- **Exercise material**:
..............................

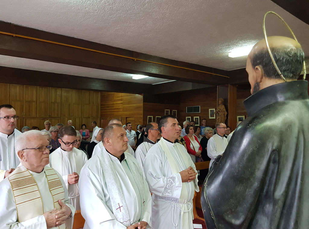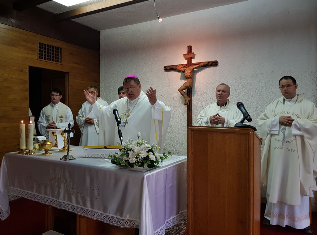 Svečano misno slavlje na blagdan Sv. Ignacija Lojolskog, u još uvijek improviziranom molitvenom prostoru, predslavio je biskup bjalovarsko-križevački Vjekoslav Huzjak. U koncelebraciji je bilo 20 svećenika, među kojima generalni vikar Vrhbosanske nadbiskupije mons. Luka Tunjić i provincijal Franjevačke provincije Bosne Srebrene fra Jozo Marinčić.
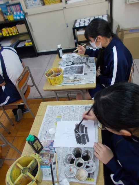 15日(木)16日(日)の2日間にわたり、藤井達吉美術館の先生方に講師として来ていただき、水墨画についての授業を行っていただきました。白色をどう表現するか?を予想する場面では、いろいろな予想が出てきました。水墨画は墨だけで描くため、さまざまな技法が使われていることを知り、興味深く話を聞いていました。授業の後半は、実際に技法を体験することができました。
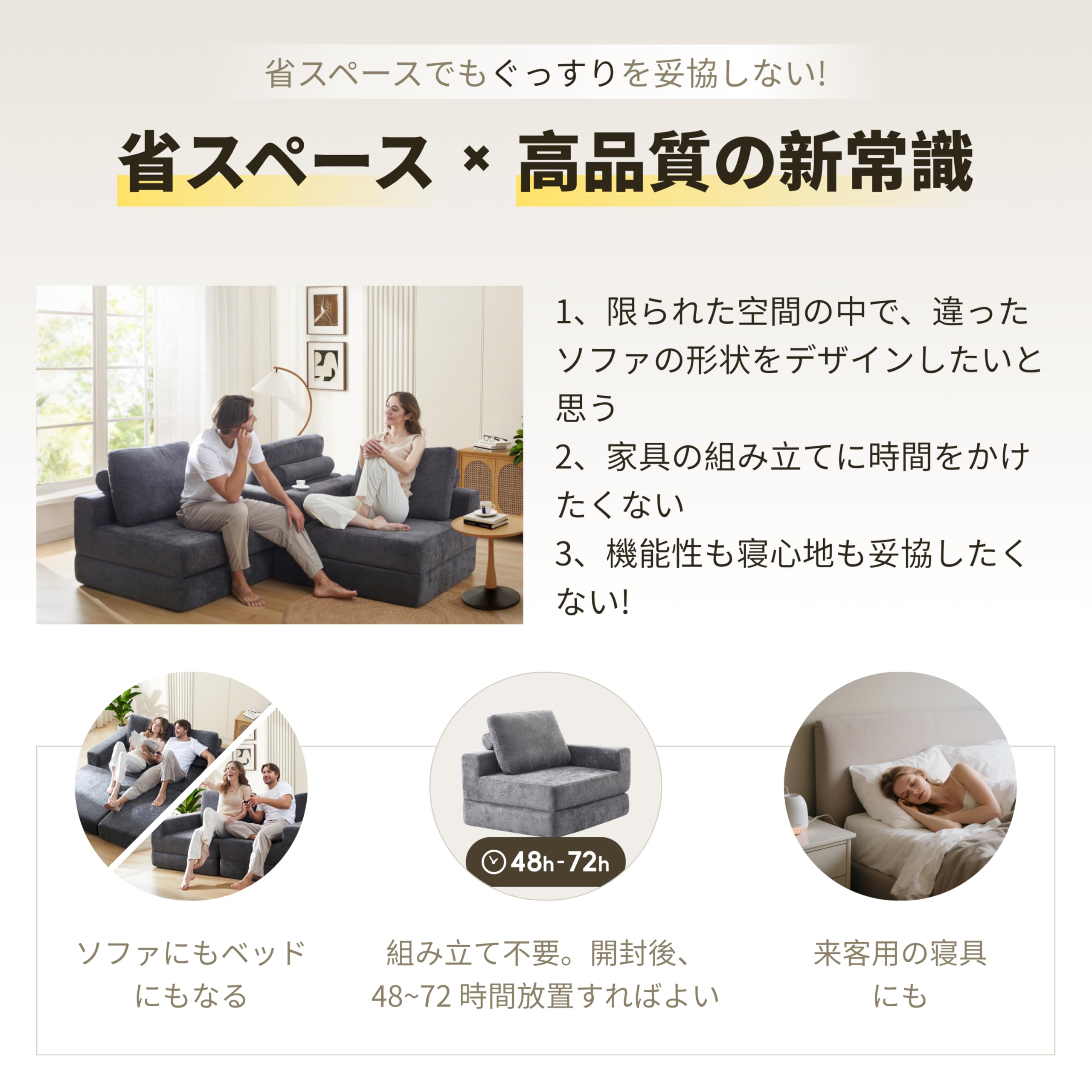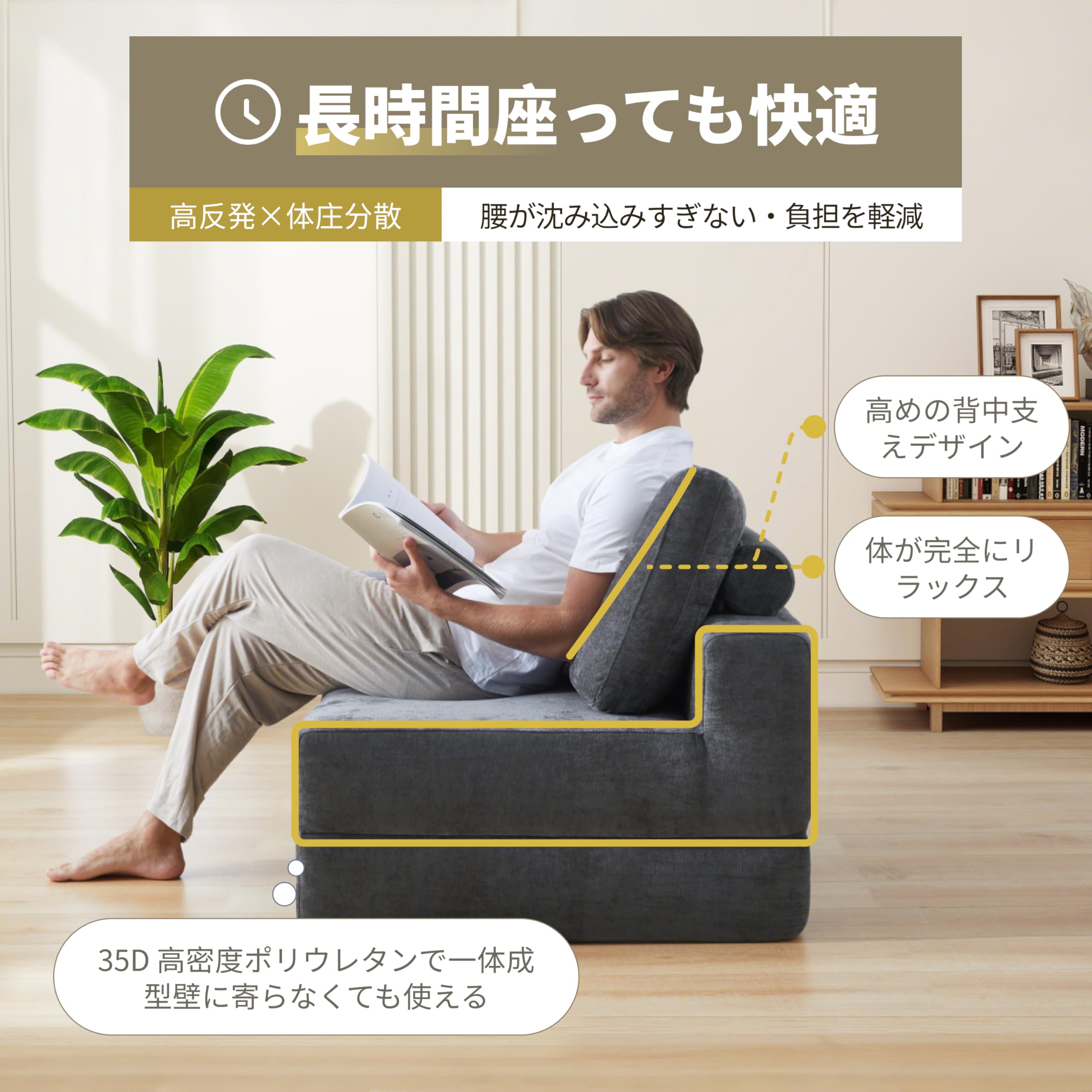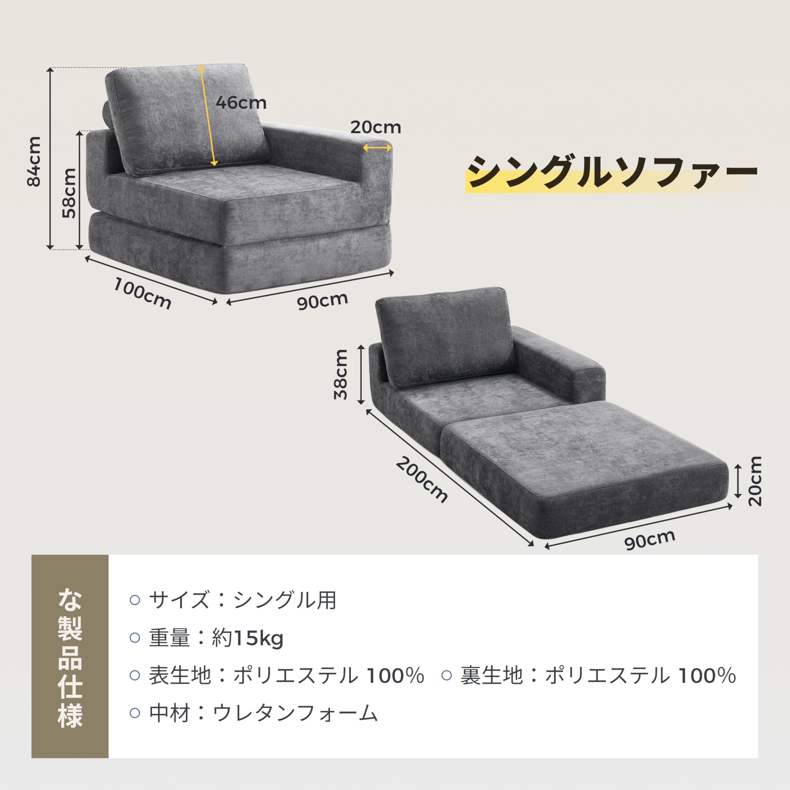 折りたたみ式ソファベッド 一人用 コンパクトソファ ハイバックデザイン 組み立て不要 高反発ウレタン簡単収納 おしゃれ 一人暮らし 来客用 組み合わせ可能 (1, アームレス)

..............................

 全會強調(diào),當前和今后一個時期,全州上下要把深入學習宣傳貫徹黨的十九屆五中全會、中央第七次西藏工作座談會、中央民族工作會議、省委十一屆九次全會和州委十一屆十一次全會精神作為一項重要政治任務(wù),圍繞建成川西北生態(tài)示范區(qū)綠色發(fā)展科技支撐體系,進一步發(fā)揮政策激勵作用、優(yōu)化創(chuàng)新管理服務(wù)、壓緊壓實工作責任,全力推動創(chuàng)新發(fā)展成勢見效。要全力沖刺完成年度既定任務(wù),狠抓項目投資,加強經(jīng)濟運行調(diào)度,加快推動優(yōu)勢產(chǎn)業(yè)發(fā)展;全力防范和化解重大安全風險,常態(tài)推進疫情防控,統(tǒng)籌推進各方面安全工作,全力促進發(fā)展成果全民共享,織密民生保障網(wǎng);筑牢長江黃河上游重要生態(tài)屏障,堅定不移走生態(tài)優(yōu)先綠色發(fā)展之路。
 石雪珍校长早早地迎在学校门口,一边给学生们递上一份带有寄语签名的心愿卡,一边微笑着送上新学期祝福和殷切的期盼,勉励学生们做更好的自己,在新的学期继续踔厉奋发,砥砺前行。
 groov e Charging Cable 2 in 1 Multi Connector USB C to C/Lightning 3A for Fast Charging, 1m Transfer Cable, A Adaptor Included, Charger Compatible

..............................

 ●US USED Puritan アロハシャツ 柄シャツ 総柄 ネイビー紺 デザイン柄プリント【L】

..............................

- **Task to carry out**: What is needed is an exact copy of the lines above, from the one holding "15日(木)16日(日)の2" down to the one holding "折りたたみ式ソファベッド 一人用 コンパクトソファ", with those two included and the pictures left out.

- **Result of the exercise**:
 15日(木)16日(日)の2日間にわたり、藤井達吉美術館の先生方に講師として来ていただき、水墨画についての授業を行っていただきました。白色をどう表現するか?を予想する場面では、いろいろな予想が出てきました。水墨画は墨だけで描くため、さまざまな技法が使われていることを知り、興味深く話を聞いていました。授業の後半は、実際に技法を体験することができました。
 折りたたみ式ソファベッド 一人用 コンパクトソファ ハイバックデザイン 組み立て不要 高反発ウレタン簡単収納 おしゃれ 一人暮らし 来客用 組み合わせ可能 (1, アームレス)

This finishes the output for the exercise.